If decompression is missed and the diver surfaces asymptomatically, the protocol is to remain on the surface, breathe 100 percent oxygen, and monitor for signs of Decompression Illness (DCI). In-water recompression is strictly prohibited due to the extreme risks of hypothermia and oxygen toxicity without chamber support. Exercise increases DCI risk.

The primary purpose of reserving one-third of the gas supply is to ensure sufficient volume to safely exit the water while sharing air with an out-of-gas teammate. This reserve accounts for the elevated breathing rates typical during an emergency. The other options misrepresent the purpose of gas redundancy.

The long hose ensures that in an out-of-gas emergency, the donor can provide a known, functioning regulator while allowing both divers to navigate single-file restrictions. It is routed from the primary second stage so the donor immediately hands off the gas they are currently breathing. The other options describe incorrect or recreational setups.

Erratic behavior and fixation are classic signs of inert gas narcosis at depths approaching 40 meters. The standard treatment is to make contact with the buddy and ascend slightly until the narcotic effect diminishes. Treating it as an equipment failure or oxygen toxicity is incorrect for this specific presentation.

Proper weighting in technical diving requires the diver to hold a shallow decompression stop (e.g., 3 meters) with near-empty cylinders, as aluminum deco tanks become highly buoyant. If underweighted, the diver risks an uncontrolled buoyant ascent during critical decompression. Overweighting to sink faster is dangerous and inefficient.

The S-drill (Safety Drill) verifies that the long hose is free of entanglements, such as being trapped under a canister light cord, and can be fully deployed.
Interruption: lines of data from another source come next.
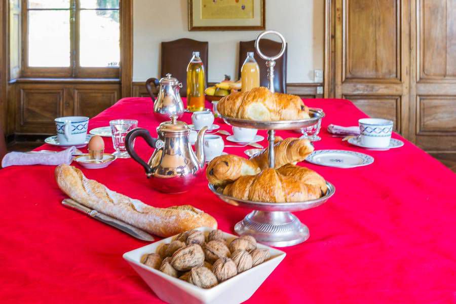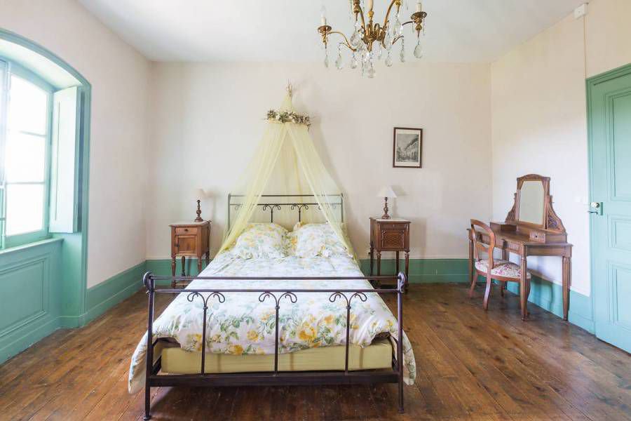 Vous passerez la nuit dans la chambre jaune avec petit-déjeuner pour 2 personnes.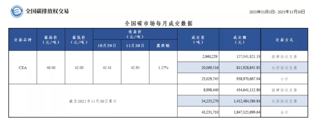 2021年7月全國碳市場在電力行業(yè)先行啟動,截至11月,全國碳市場碳排放配額(CEA)累計(jì)成交量4323萬噸,碳價約42-46元/噸,累計(jì)成交額18.47億元。
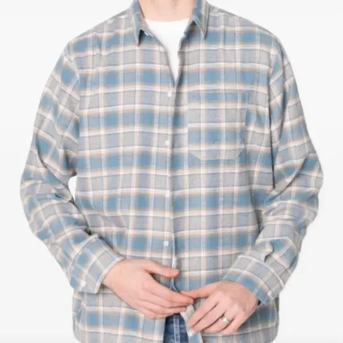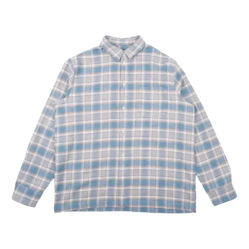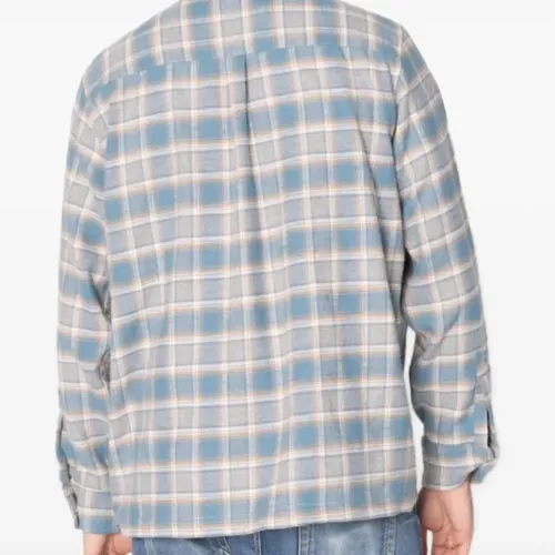 выцветшая синяя рубашка в клетку с нагрудным карманом, застёжкой на пуговицы, длинными рукавами и манжетами на пуговицах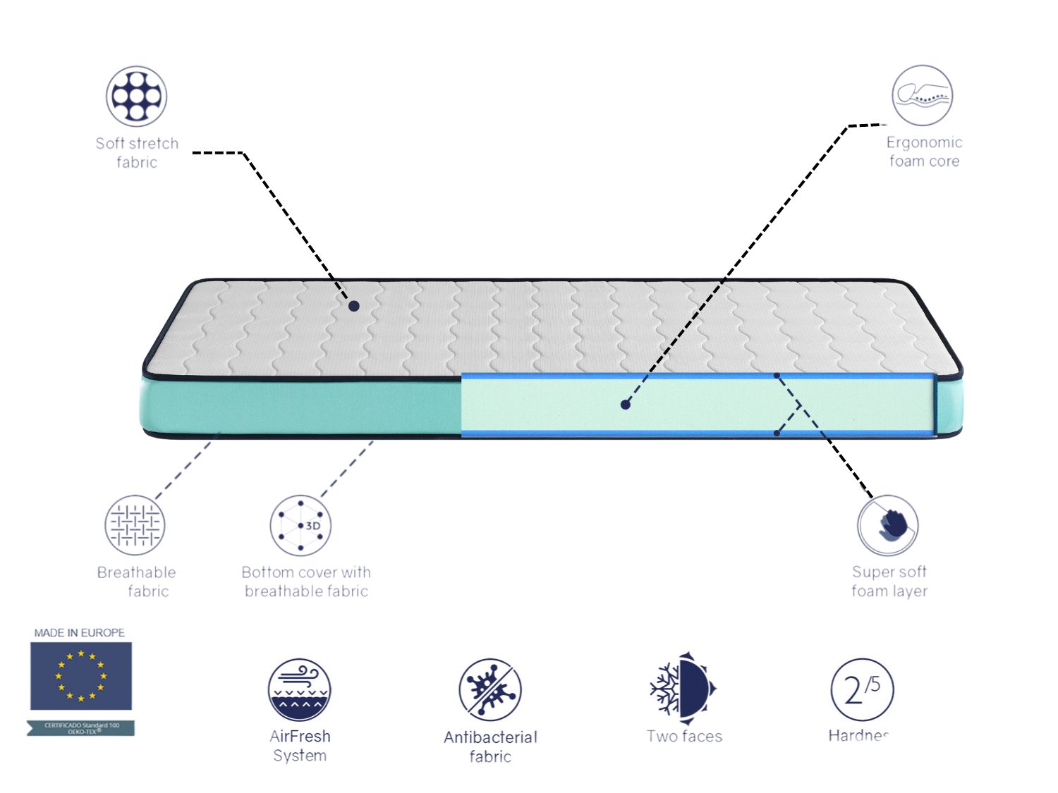 Matelas léger, frais et confortable, au design jeune et minimaliste. Idéal pour les lits d'enfants, les canapés-lits et les canapés convertibles. Son noyau en mousse souple offre une répartition optimale des points de pression pour un confort accru. Il est réversible, avec une face été en tissu élastique matelassé et une face hiver avec système Airfresh et tissu 3D qui améliore la ventilation. Finition jeune, traitement anti-punaises et expédition enroulé dans une boîte pour faciliter le transport.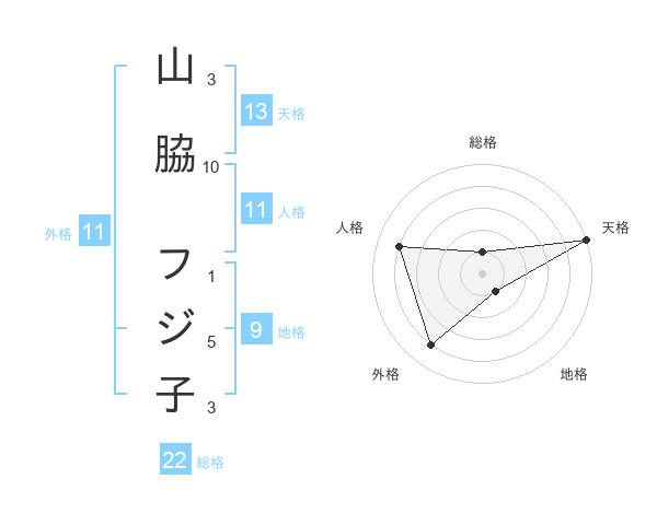 山脇 フジ子さんの総格は22画の1点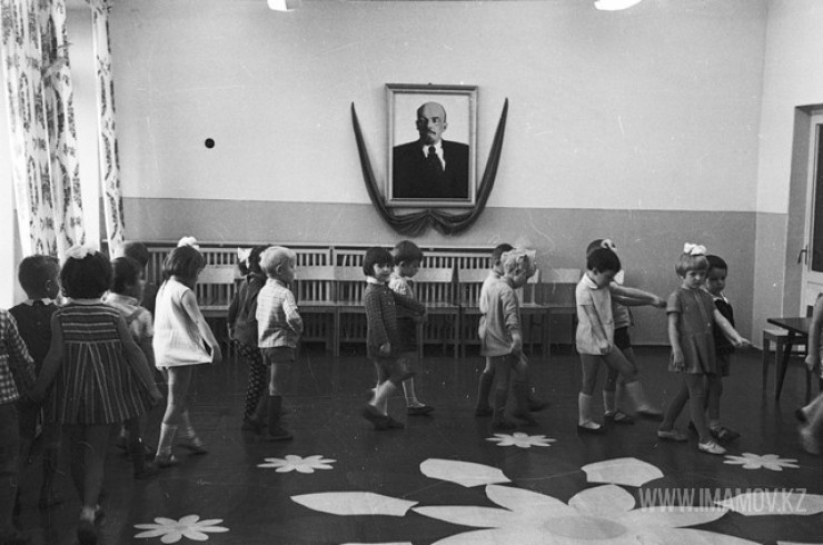 Репортаж из детского сада № 45 "Тюльпан", 1970 год. Дети водят хоровод, на фоне висит портрет Ленина. Героям снимка сейчас больше 50 лет.

This ensures readiness for an out-of-gas emergency before leaving shallow water. It is not designed to check cylinder pressure or primary buoyancy.

Exceeding 100 percent on the CNS oxygen clock significantly increases the risk of an underwater oxygen toxicity convulsion. A convulsion underwater almost invariably leads to a lost mouthpiece and fatal drowning. It does not directly cause decompression sickness or buoyancy failure.

If a primary dive computer fails during the bottom phase, the protocol is to abort the dive and ascend using the functioning backup computer to complete decompression. Continuing the dive compromises redundancy and safety. Relying solely on a buddy’s computer violates self-sufficiency principles.

Switching to EANx50 at 30 meters results in a PO2 of 2.0 ata (4.0 ata x 0.50), which heavily exceeds the maximum limit of 1.6 ata. This places the diver at extreme and immediate risk of a fatal Central Nervous System (CNS) oxygen toxicity convulsion. EANx50 should only be breathed at or above 21 meters.